Although Plaintiff asserts that he witnessed an assault by officers and was threatened by them, he does not allege that these threats or observations were accompanied by any injuries or use of force in any respect. (Compl. ¶¶ 9-12.) While these alleged threats may have been directed at Plaintiff's health, they fail to demonstrate that he was in any actual danger from staff, or that Norvell disregarded a substantial risk of harm to Plaintiff. Rather, Plaintiff contends that these threats indicated the intent of some “staff” to harm him at some undetermined future date. Without more specificity about the alleged threats, however, Plaintiff fails to state a claim that Defendants were deliberately indifferent to a substantial risk of harm. Aziz Zarif Shabazz v. Pico, 994 F.Supp. 460, 474 (S.D. N.Y.1998) (explaining that “verbal harassment or profanity alone, ‘unaccompanied by any injury no matter how inappropriate, unprofessional, or reprehensible it might seem,' does not constitute the violation of any federally protected right and therefore is not actionable under 42 U.S.C. § 1983.”) Accordingly, Defendants' motion to dismiss Count II will be granted.
IV. Conclusion
For the reasons discussed above, Plaintiff's complaint fails to state a claim for violations of due process or cruel and unusual punishment against Defendants.

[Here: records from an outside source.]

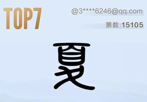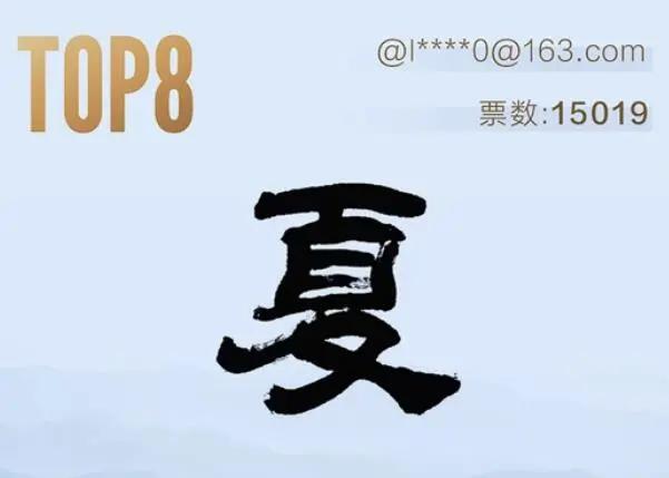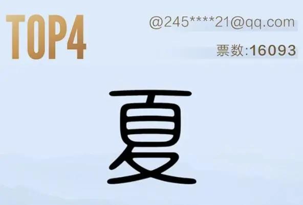 第四名,诶,这字不用说了,漫哥用下面的眼看都能认得出来。要说什么大毛病没有,就是辨识度这块差点意思。就像漫哥一样,站进人海里就找不到了,太普通了。要不漫哥也来写个夏字投稿好了?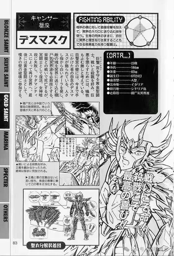 当然,这一些关于黄金圣斗士们的设定集的资料,其实也是仅适用于漫画原著里面的,并没有将动画版里面的内容概括进去,因此也就仅是可供参考,这个对于拥有自己想法的小伙伴们来说,其实也是一个程序上的后门,大家可以自己看着办…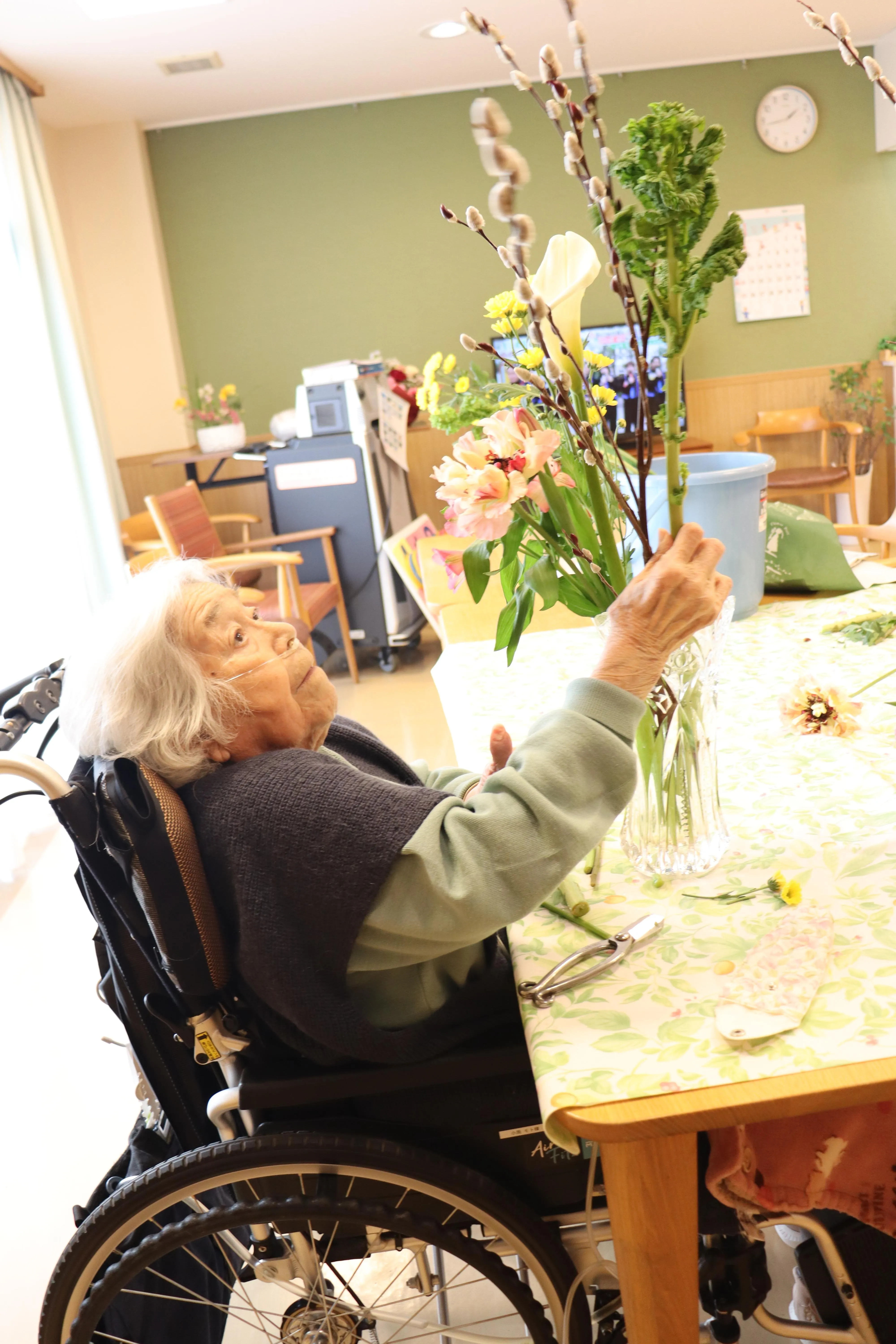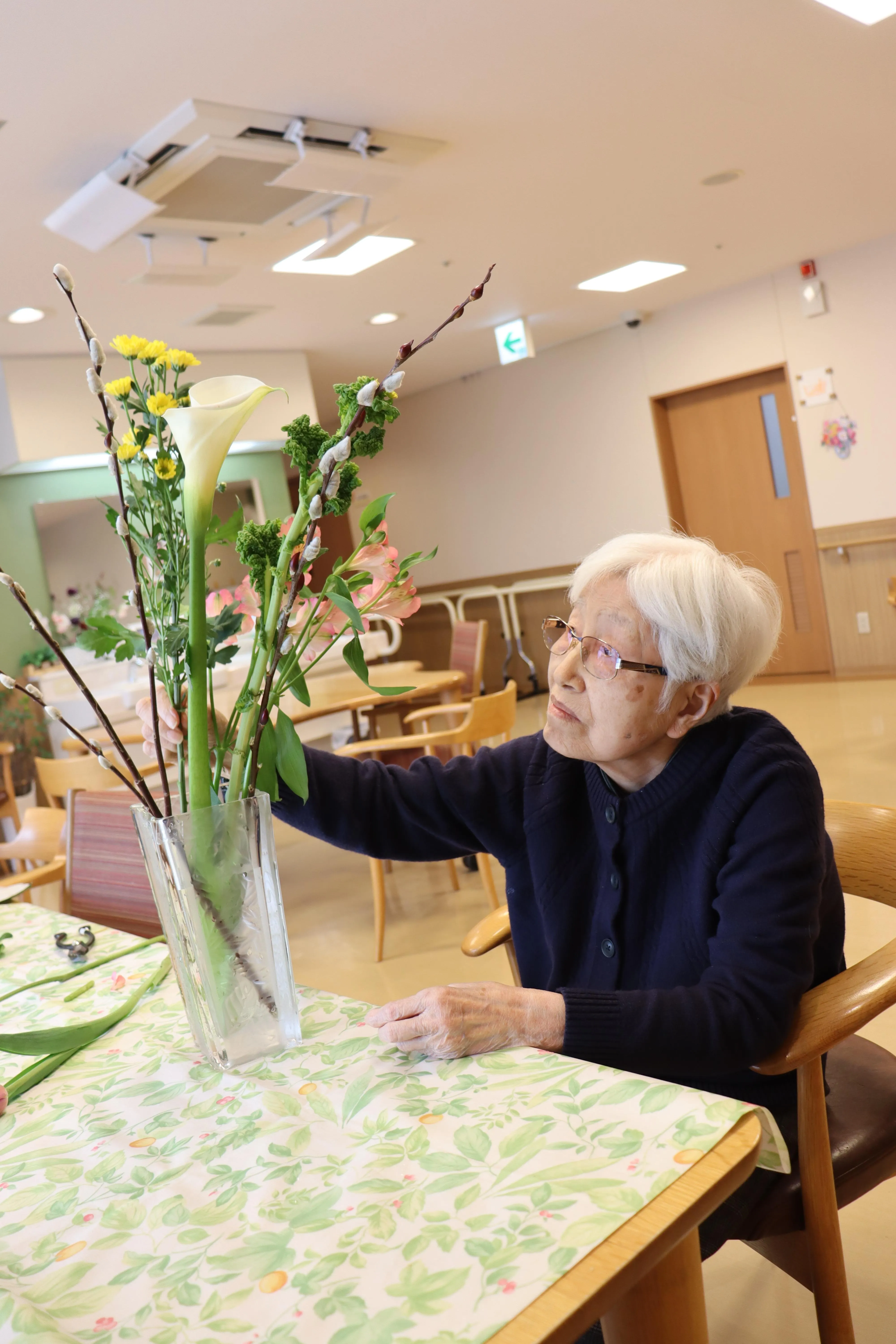 1月はお正月らしい華やかな花材を使用し、季節感あふれる作品づくりに取り組まれました。

Defendants' motion to dismiss Counts I, II, IV, V, and VI will be granted. The court, however, will permit Plaintiff to amend Count II of his complaint, as it relates to Norvell's duty to protect, within 21 days, if he so chooses. The court also notes that Count III remains pending.
The clerk is directed to forward a copy of this Memorandum Opinion and accompanying Order to the parties.